Schuldekane fordern Einführung von Ethik auch in Grundschulen
Zum vollständigen Bild gehört aber auch, dass sich immer mehr Schüler für das Fach Ethik entscheiden, das unter anderem an Grundschulen noch nicht überall angeboten wird. Laut staatlichem Schulamt Heilbronn besuchen derzeit mehr als 4.700 Kinder und Jugendliche im Landkreis den Ethik-Unterricht, 2021/22 waren es noch etwas mehr als 3.900. In den weiterführenden Schulen des Hohenlohekreises sind es 1164 Schüler.
Die Grünen, die zuletzt die Kultusministerin stellten, wollen den Ethik-Unterricht in allen Klassenstufen – also auch in der Grundschule – einführen. Das finden die bei den Kirchen im Hohenlohekreis zuständigen Schuldekane Wolfgang Weiß (katholisch) und sein evangelischer Kollege Till Elbe-Seiffart überfällig. „Wir würden ein Fach Ethik von der ersten Klasse an sehr begrüßen“, sagt Weiß. Jeder solle sich in der Schule ethische Fragen stellen.
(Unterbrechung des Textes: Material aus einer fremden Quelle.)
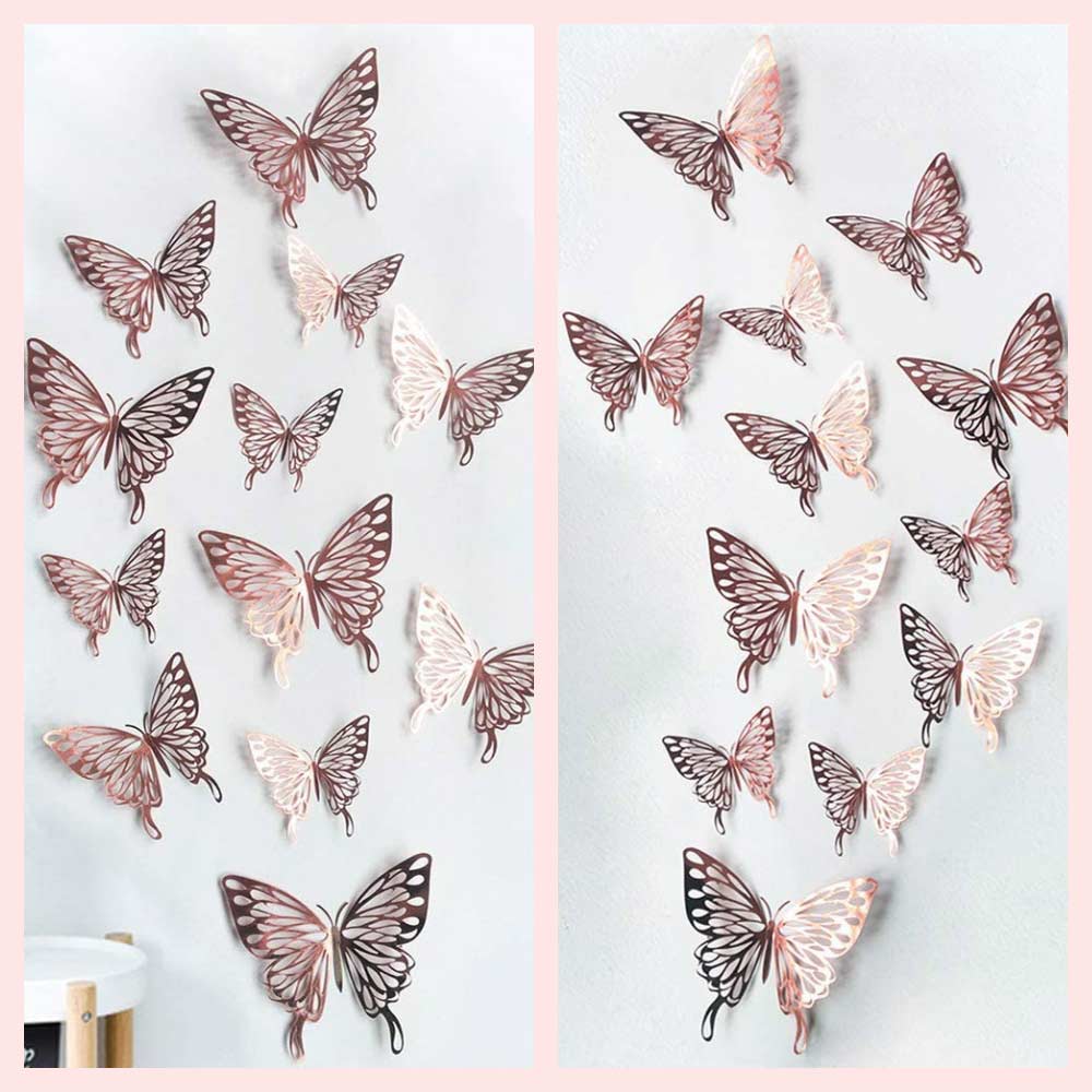 Наклейки Бабочки № 12 бумага металлик 12 шт розовое золото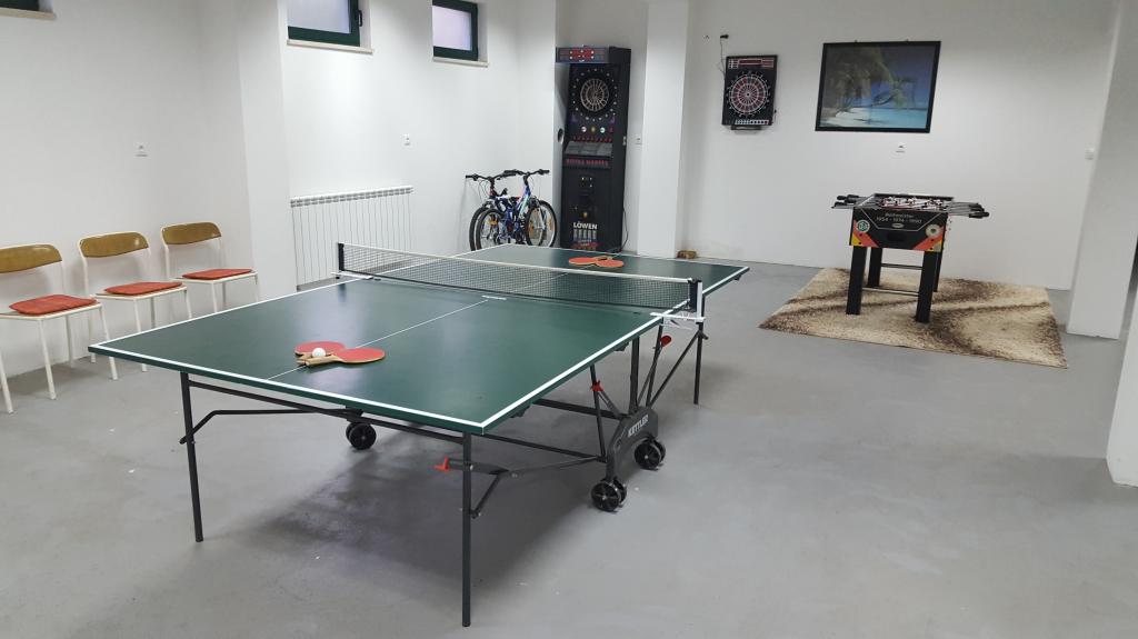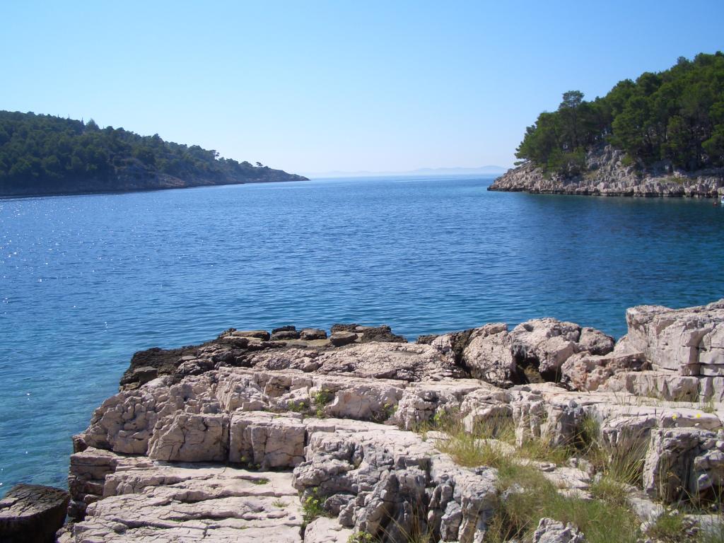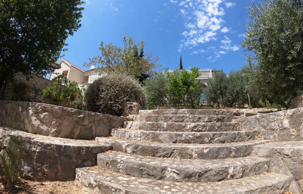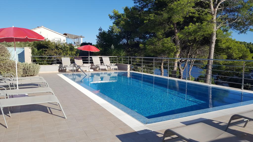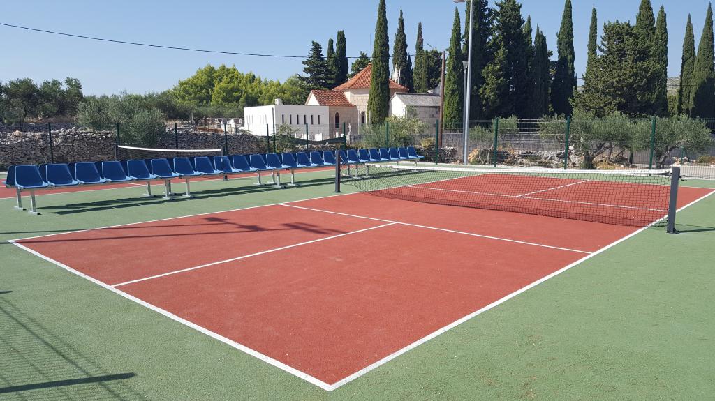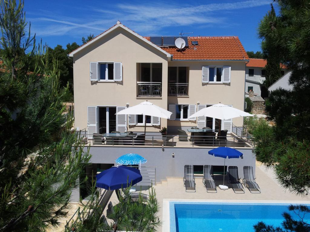 The detached holiday villa has a heated private pool and is located in the quiet and crystal-clear Osibova Bay, just 30 m from a small pebble beach. The house includes 4 kayaks and 8 bicycles. In the town of Milna, 2 km away, you'll find everything you need. On the way there, you'll find public sports fields (tennis, football, basketball and beach volleyball) that can be used. The modernly equipped villa consists of two identical residential units. In total, it features 6 bedrooms, 7 bathrooms, 2 living rooms with integrated kitchens, and a large shared sun terrace. In the basement, you'll find a 130 m² recreation room with games and fitness equipment, including billiards, table tennis and foosball. Facilities include Wi-Fi, private parking and a garden with a barbecue. The house is fully air-conditioned (each room with individually controllable air conditioning).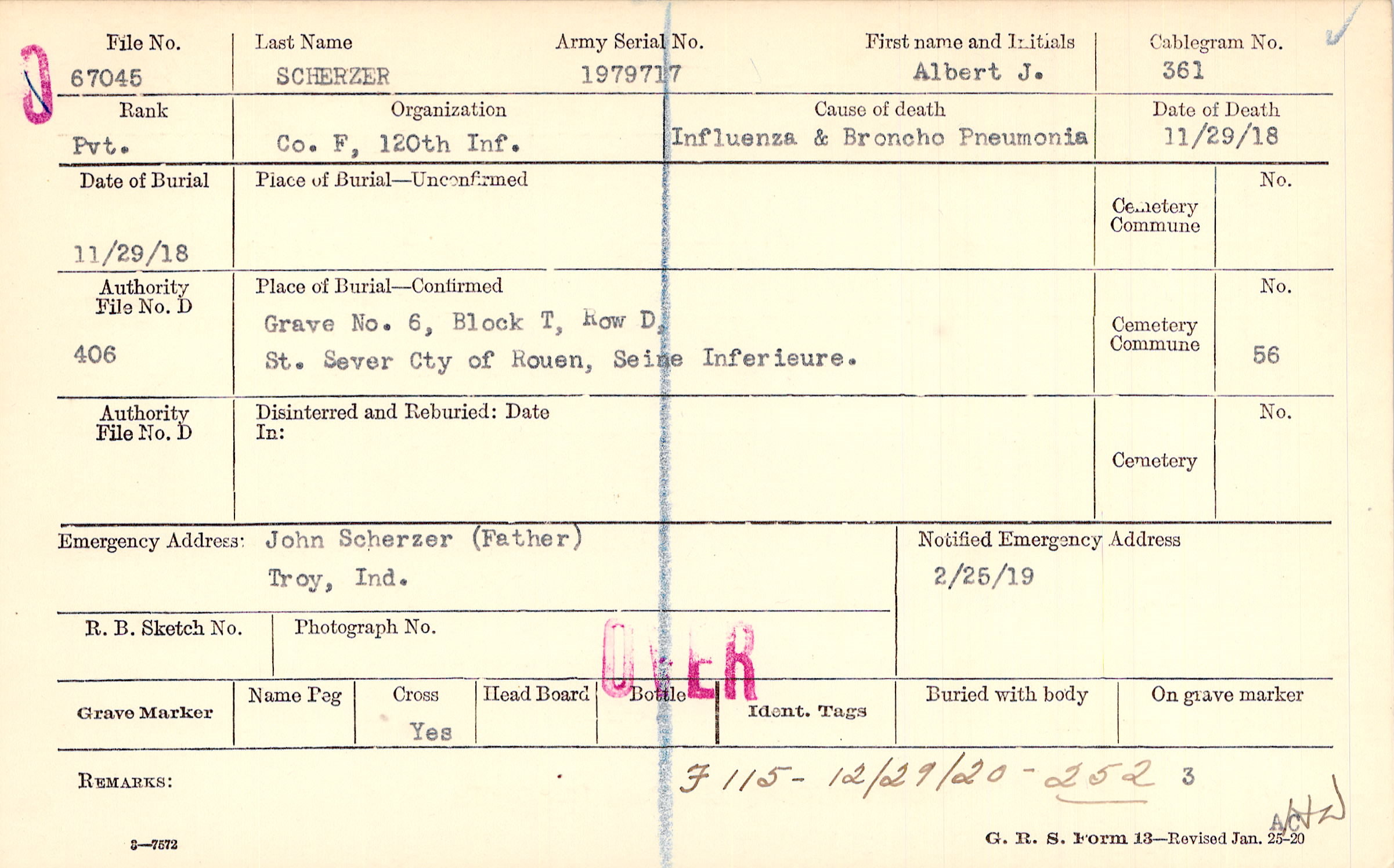 Grave 6, Block T, Row D, St. Sever Cty of Rouen, Seine Inferieure.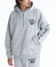 程よいリラックス感があり、シルエットはすっきりとしたフーディ。グラフィックはセットアップでのコーディネートを考慮して配置されており、スタイリングしやすい一枚です。胸元、袖、バックにヴィンテージライクなフォントデザインのプリントを施しました。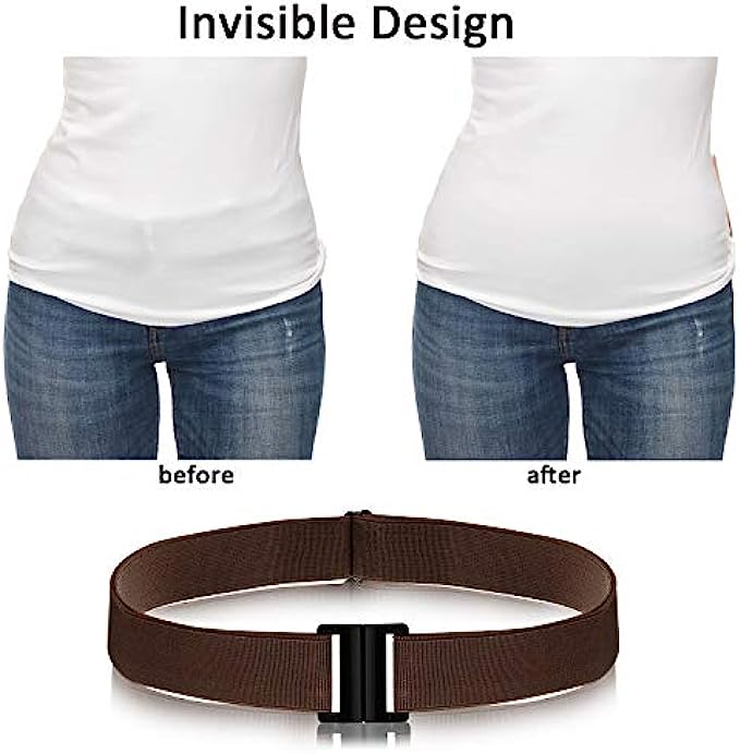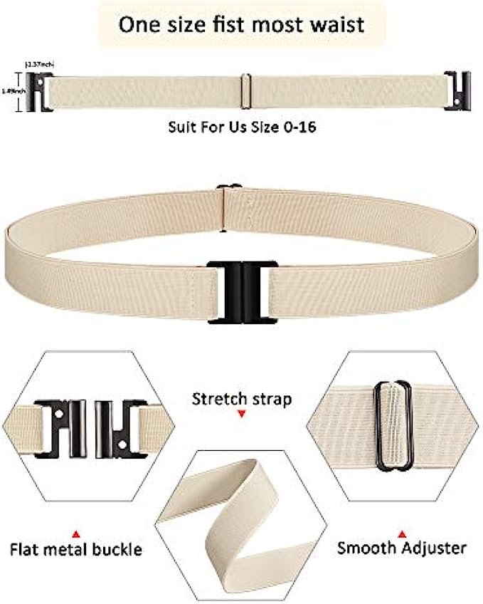 Elastic Snap closure Wet Wipe Clean What you get: you will receive the super easy latching and snapping adjustable stretch belts, the elastic material make the belts lightweight and breathable to wear, snap the plastic clasp to secure and press it to unbuckle, feel like wearing nothing and invisible Flat buckle: the plastic buckle is no show under your outfit or on your waist, does not like the bulky buckle, it provides a slimming appearance for you when keeping clasp tightly, no use of metal is also time-saving for security check Adjustable size: the invisible belt is approx. 100 x 3.5 cm/ 39.37 x 1.38 inches, fit for US size 0-16, , the buckle is 1.37 inch wide, 1.49 inch long; The elastic strap is flexible to adjust, one size fits most, holding up your pants and fit around your waist tightly Invisible design: if you have to wear a web belt but do not want the bulge part of a metal buckle, try this no show belt, flat buckle, no bulge, look smooth under clothes, provides an instant slimming effect, easy to pass metal detector Diverse occasions: the invisible waist belt is suitable for daily wear, travel, outdoor, work, school, to match jeans, dress, T-shirts, also good for those who are pregnant or losing weight, much more comfortable to wear than those hole belts

Kooperativ: Unterricht in verschiedenen Konfessionen
Der Religionsunterricht hat den Zahlen nach im Land nicht ausgedient, aber die Kirchen müssen sich über neue Angebote Gedanken machen. Dazu gehört der konfessionell-kooperative Unterricht, der in Baden-Württemberg bereits seit längerem besonders an Grundschulen stattfindet. Dabei unterrichten Lehrkräfte im jährlichen Wechsel etwa evangelische, katholische oder orthodoxe Religion. „Die Schüler können in der Begegnung mit anderen Religion ihre eigene Perspektive beleuchten“, erklärt Hermann.
Gesetzlich verankert
Die Linken wollen nur noch Ethik-Unterricht an öffentlichen Schulen sehen. Den konfessionellen Unterricht abzuschaffen ist jedoch schwer – „der ist im Grundgesetz und in der Landesverfassung verankert“, betonen die für Hohenlohe zuständigen Schuldekane Wolfgang Weiß und Till Elbe-Seiffart. Der Verfassungsstatus sei eine Lehre aus den Folgen des Dritten Reichs: Er ist aus der „Einsicht heraus entstanden, wie desaströs es ist, wenn religiös-weltanschauliche Bildung allein in staatlicher Hand ist“, sagt Elbe-Seiffart.